● **Problem details**: The listing below contains a span that opens with the line containing "另外2025年重要会议明确提" and closes with the line containing "Oltens Vanlig grzejnik". Return that span exactly.

● **Study material**:

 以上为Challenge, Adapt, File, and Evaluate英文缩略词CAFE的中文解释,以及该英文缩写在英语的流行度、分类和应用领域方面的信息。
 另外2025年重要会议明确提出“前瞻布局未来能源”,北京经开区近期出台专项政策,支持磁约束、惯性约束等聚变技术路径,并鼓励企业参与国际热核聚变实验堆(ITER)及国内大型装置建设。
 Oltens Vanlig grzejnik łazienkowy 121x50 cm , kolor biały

* * *

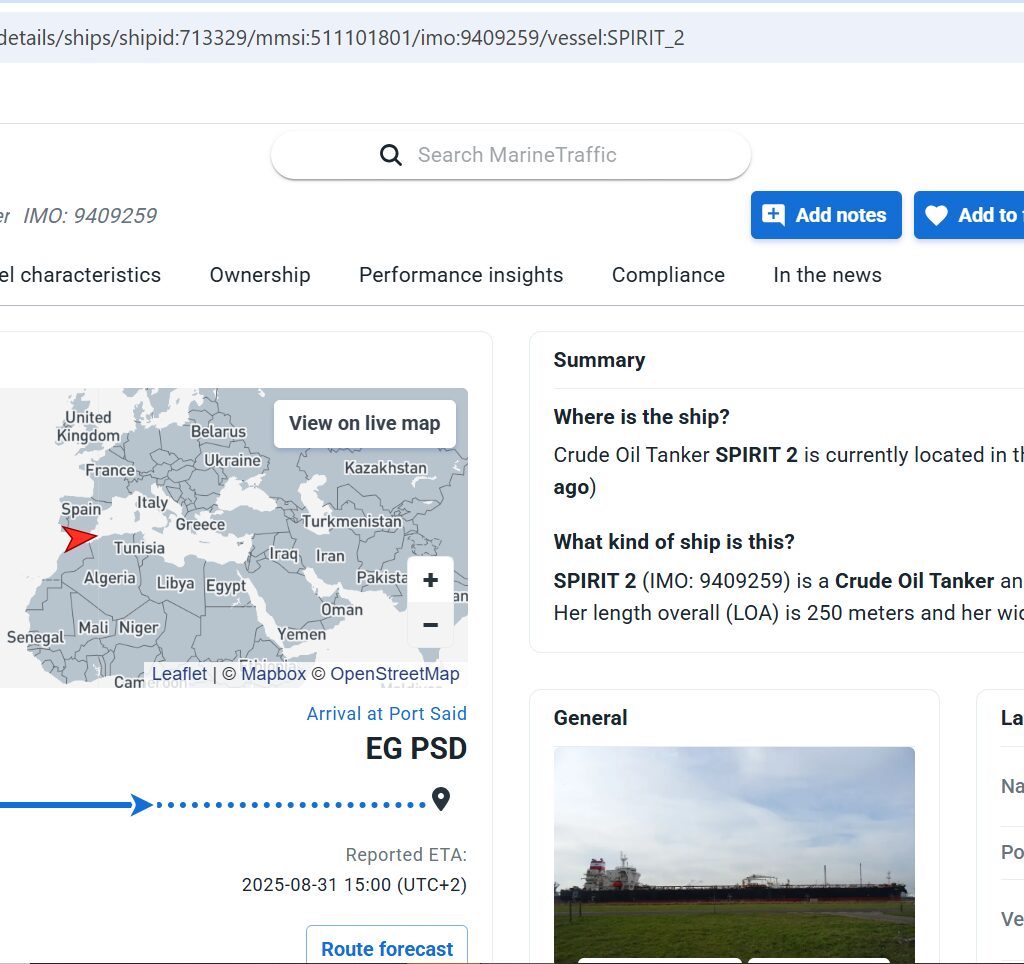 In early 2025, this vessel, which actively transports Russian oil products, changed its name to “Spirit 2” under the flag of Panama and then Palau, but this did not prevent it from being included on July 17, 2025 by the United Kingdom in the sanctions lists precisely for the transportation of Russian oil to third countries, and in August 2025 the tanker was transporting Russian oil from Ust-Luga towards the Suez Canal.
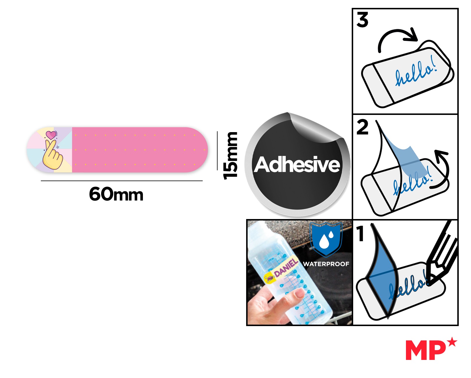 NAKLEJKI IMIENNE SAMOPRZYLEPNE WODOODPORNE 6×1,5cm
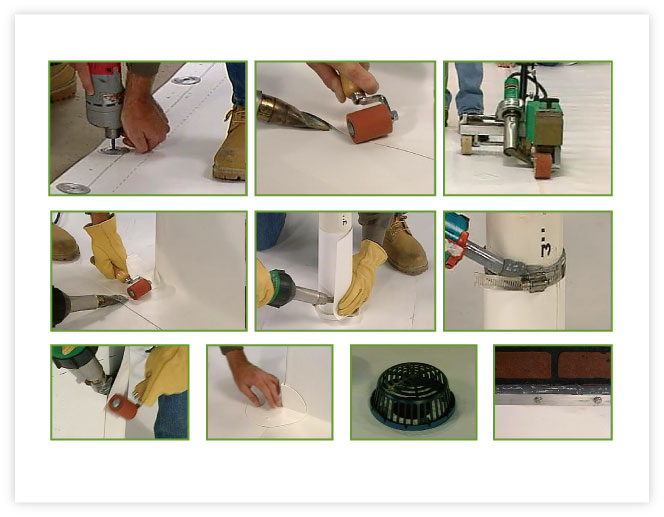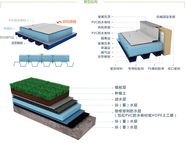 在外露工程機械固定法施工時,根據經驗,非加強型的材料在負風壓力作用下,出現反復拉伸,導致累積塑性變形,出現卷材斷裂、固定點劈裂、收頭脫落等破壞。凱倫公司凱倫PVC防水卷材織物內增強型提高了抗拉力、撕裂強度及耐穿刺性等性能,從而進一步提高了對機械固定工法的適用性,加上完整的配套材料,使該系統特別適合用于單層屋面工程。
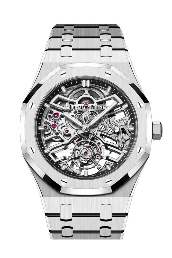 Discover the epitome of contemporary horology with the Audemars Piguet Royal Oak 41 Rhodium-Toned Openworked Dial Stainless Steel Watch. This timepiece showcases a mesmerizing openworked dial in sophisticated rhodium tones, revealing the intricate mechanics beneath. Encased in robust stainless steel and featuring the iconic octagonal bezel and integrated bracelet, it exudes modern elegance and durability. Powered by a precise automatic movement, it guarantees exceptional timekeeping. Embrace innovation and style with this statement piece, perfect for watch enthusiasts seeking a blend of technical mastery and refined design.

● **Solution below**:
 另外2025年重要会议明确提出“前瞻布局未来能源”,北京经开区近期出台专项政策,支持磁约束、惯性约束等聚变技术路径,并鼓励企业参与国际热核聚变实验堆(ITER)及国内大型装置建设。
 Oltens Vanlig grzejnik łazienkowy 121x50 cm , kolor biały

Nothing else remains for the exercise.